- [Action item] Repeat the data exactly. Pictures are not part of the copy.

- [Data excerpts]

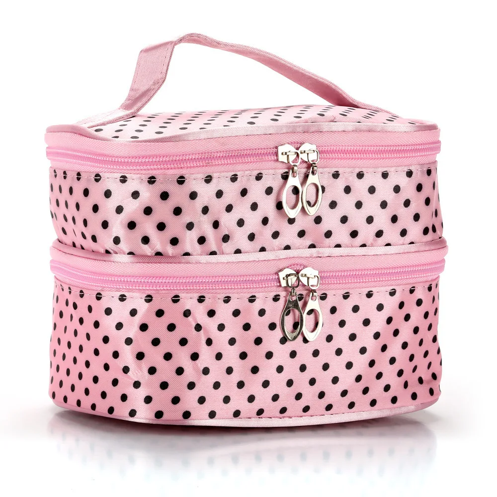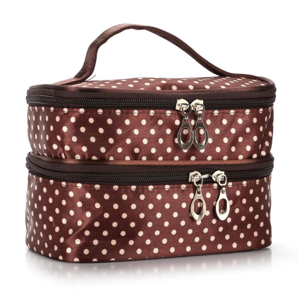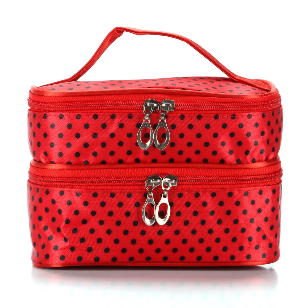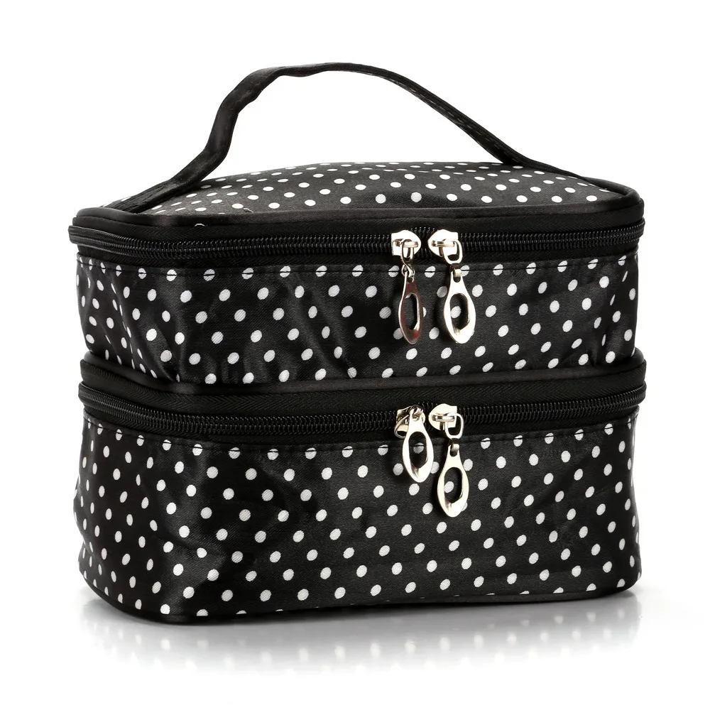 Двойной Слои Make Up Для женщин сумка Корейская версия со вставками в мелкий горошек большой Ёмкость Портативный Водонепроницаемый мешок для стирки 7 Цвета в наличии
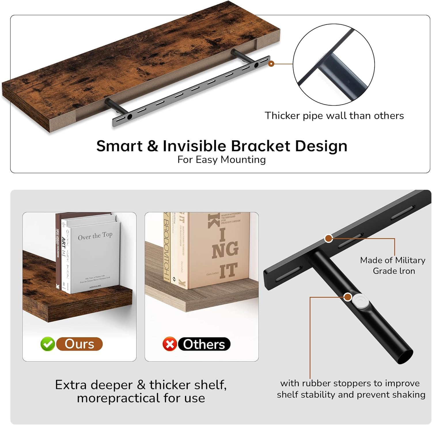 - Extra Deeper & Thicker - Each board measures 36"W x 8"D x 1.8"H. Extra deeper and thicker design in order to bring maximizes storage space and weight capacity, even hold up to 70 lb each. This floating shelf taking up zero square feet, reduces clutter and highlights décor in compact spaces.
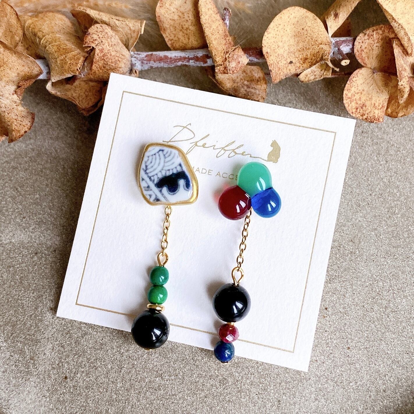 【海の遊び心】2way シー陶器×オニキス×クリソコラ×ラピスラズリ ピアス/イヤリング
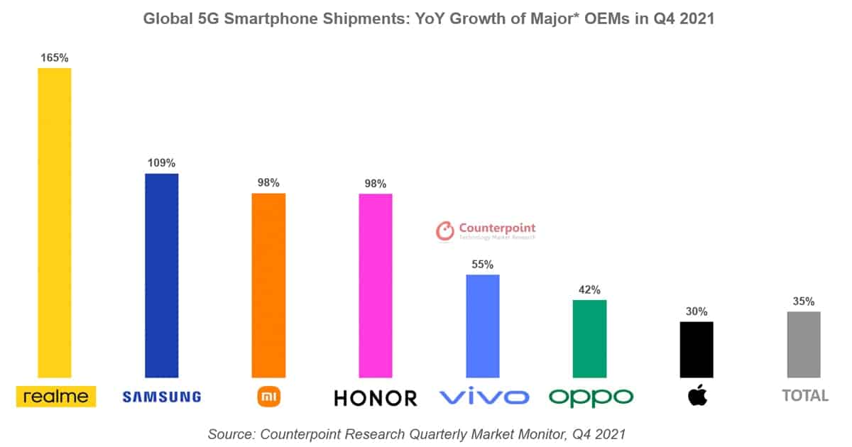 จากข้อมูลการสำรวจตลาดล่าสุดของ Counterpoint Research พบว่า realme ส่งท้ายปี 2021 ด้วยการเป็นแบรนด์ที่มีการจัดส่งสมาร์ทโฟน 5G ที่เติบโตเร็วที่สุด (สำหรับไตรมาสสิ้นสุดเดือนธันวาคม)
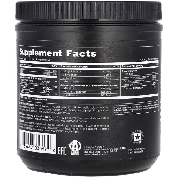 Juiced Aminos Universal Nutrition Animal - це інноваційна амінокислотна формула, спеціально розроблена для атлетів і бодібілдерів, які прагнуть досягти максимальних результатів у тренуваннях і відновленні. Цей потужний комплекс містить ключові амінокислоти з розгалуженим ланцюгом (BCAA), а також інші незамінні амінокислоти та додаткові активні компоненти, що забезпечують підтримку м'язового росту, відновлення та покращення продуктивності.
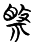 祖zǔ祖❶將行犯軷之祭也。《詩經·大雅·烝民》:“仲山甫出祖,四牡業業,征夫㨗㨗,每懷靡及。” 鄭玄箋:“祖者,將行犯軷之祭也。” 《詩經·大雅·韓奕》:“韓侯出祖,出宿於屠。” 鄭玄注:“祖, 將去而犯軷也。” ❷將葬,祖於庭。《周禮·春官·喪祝》:“及祖,飾棺,乃載,遂御。”鄭玄注:“鄭司農云:祖,謂將葬,祖於庭,象生時出則祖也。” ❸宗廟。《周禮·冬官·匠人》:“左祖右社,面朝後市。”鄭玄注:“祖,宗廟。” ❹始也。《儀禮·聘禮》:“出祖釋軷, 祭酒酺,乃飲酒於其側。” 鄭玄注:“祖,始也。” 《禮記·仲尼燕居》:“凡衆之動失其宜,如此,則無以祖洽於衆也。” 鄭玄注:“祖,始也。” ❺王父也。《儀禮·既夕禮》:“夙興,設盥於祖廟門外。” 鄭玄注:“祖,王父也。士,祖禰同廟。” ❻將行而飲酒曰祖。《儀禮·既夕禮》:“賓出,主人送於門外,有司請祖期。” 鄭玄注:“將行而飲酒曰祖,祖,始也。” ❼謂移柩車去載處。《禮記·檀弓上》:“曾子弔於負夏,主人既祖填池,推柩而反之。” 鄭玄注:“祖,謂移柩車去載處,爲行始也。” ❽祭五帝五神於明堂曰祖。《禮記·祭法》:“祖顓頊而宗堯。” 鄭玄注:“禘、郊、祖、 宗, 謂祭祀以配食也,……祭五帝五神於明堂曰祖、宗。祖、宗,通言爾。” ❾考也。《禮記·祭法》:“曰祖考廟。” 鄭玄注:“祖,考也。” ❿猶 “發”也。《禮記·鄉飲酒義》:“亨狗於東方,祖陽氣之發於東方也。” 鄭玄注:“祖,猶發也。” ⓫讀曰 “阻”,厄也。《尚書·堯典》:“棄黎民祖饑。” 鄭玄注:“祖,讀曰阻,阻,厄也。” (《鄭氏佚書》) 古代名物 > 人體類 > 頭面部 > 鼻 > 鼻 > 祖 祖 zǔ 祖zǔ旧时北京古书店修绠堂货价暗码,谓数目七。参“石、崇、好、富、家、彭、祖、寿、高、年”条。 祖zǔ〖名词〗 父母以上的尊长,祖宗,祖先(12)。《驹支不屈于晋》:昔秦人迫逐乃祖吾离于瓜州。——从前秦国人在瓜州逼迫并驱逐你的祖父吾离。《贾谊治安策一》:毕以次各受祖之分地。——都按次序各人接受祖宗的分地。《柳子厚墓志铭》:七世祖庆。——他的第七世祖先名叫庆。

- [Solution for this exercise]
 Двойной Слои Make Up Для женщин сумка Корейская версия со вставками в мелкий горошек большой Ёмкость Портативный Водонепроницаемый мешок для стирки 7 Цвета в наличии
 - Extra Deeper & Thicker - Each board measures 36"W x 8"D x 1.8"H. Extra deeper and thicker design in order to bring maximizes storage space and weight capacity, even hold up to 70 lb each. This floating shelf taking up zero square feet, reduces clutter and highlights décor in compact spaces.
 【海の遊び心】2way シー陶器×オニキス×クリソコラ×ラピスラズリ ピアス/イヤリング
 จากข้อมูลการสำรวจตลาดล่าสุดของ Counterpoint Research พบว่า realme ส่งท้ายปี 2021 ด้วยการเป็นแบรนด์ที่มีการจัดส่งสมาร์ทโฟน 5G ที่เติบโตเร็วที่สุด (สำหรับไตรมาสสิ้นสุดเดือนธันวาคม)
 Juiced Aminos Universal Nutrition Animal - це інноваційна амінокислотна формула, спеціально розроблена для атлетів і бодібілдерів, які прагнуть досягти максимальних результатів у тренуваннях і відновленні. Цей потужний комплекс містить ключові амінокислоти з розгалуженим ланцюгом (BCAA), а також інші незамінні амінокислоти та додаткові активні компоненти, що забезпечують підтримку м'язового росту, відновлення та покращення продуктивності.
 祖zǔ祖❶將行犯軷之祭也。《詩經·大雅·烝民》:“仲山甫出祖,四牡業業,征夫㨗㨗,每懷靡及。” 鄭玄箋:“祖者,將行犯軷之祭也。” 《詩經·大雅·韓奕》:“韓侯出祖,出宿於屠。” 鄭玄注:“祖, 將去而犯軷也。” ❷將葬,祖於庭。《周禮·春官·喪祝》:“及祖,飾棺,乃載,遂御。”鄭玄注:“鄭司農云:祖,謂將葬,祖於庭,象生時出則祖也。” ❸宗廟。《周禮·冬官·匠人》:“左祖右社,面朝後市。”鄭玄注:“祖,宗廟。” ❹始也。《儀禮·聘禮》:“出祖釋軷, 祭酒酺,乃飲酒於其側。” 鄭玄注:“祖,始也。” 《禮記·仲尼燕居》:“凡衆之動失其宜,如此,則無以祖洽於衆也。” 鄭玄注:“祖,始也。” ❺王父也。《儀禮·既夕禮》:“夙興,設盥於祖廟門外。” 鄭玄注:“祖,王父也。士,祖禰同廟。” ❻將行而飲酒曰祖。《儀禮·既夕禮》:“賓出,主人送於門外,有司請祖期。” 鄭玄注:“將行而飲酒曰祖,祖,始也。” ❼謂移柩車去載處。《禮記·檀弓上》:“曾子弔於負夏,主人既祖填池,推柩而反之。” 鄭玄注:“祖,謂移柩車去載處,爲行始也。” ❽祭五帝五神於明堂曰祖。《禮記·祭法》:“祖顓頊而宗堯。” 鄭玄注:“禘、郊、祖、 宗, 謂祭祀以配食也,……祭五帝五神於明堂曰祖、宗。祖、宗,通言爾。” ❾考也。《禮記·祭法》:“曰祖考廟。” 鄭玄注:“祖,考也。” ❿猶 “發”也。《禮記·鄉飲酒義》:“亨狗於東方,祖陽氣之發於東方也。” 鄭玄注:“祖,猶發也。” ⓫讀曰 “阻”,厄也。《尚書·堯典》:“棄黎民祖饑。” 鄭玄注:“祖,讀曰阻,阻,厄也。” (《鄭氏佚書》) 古代名物 > 人體類 > 頭面部 > 鼻 > 鼻 > 祖 祖 zǔ 祖zǔ旧时北京古书店修绠堂货价暗码,谓数目七。参“石、崇、好、富、家、彭、祖、寿、高、年”条。 祖zǔ〖名词〗 父母以上的尊长,祖宗,祖先(12)。《驹支不屈于晋》:昔秦人迫逐乃祖吾离于瓜州。——从前秦国人在瓜州逼迫并驱逐你的祖父吾离。《贾谊治安策一》:毕以次各受祖之分地。——都按次序各人接受祖宗的分地。《柳子厚墓志铭》:七世祖庆。——他的第七世祖先名叫庆。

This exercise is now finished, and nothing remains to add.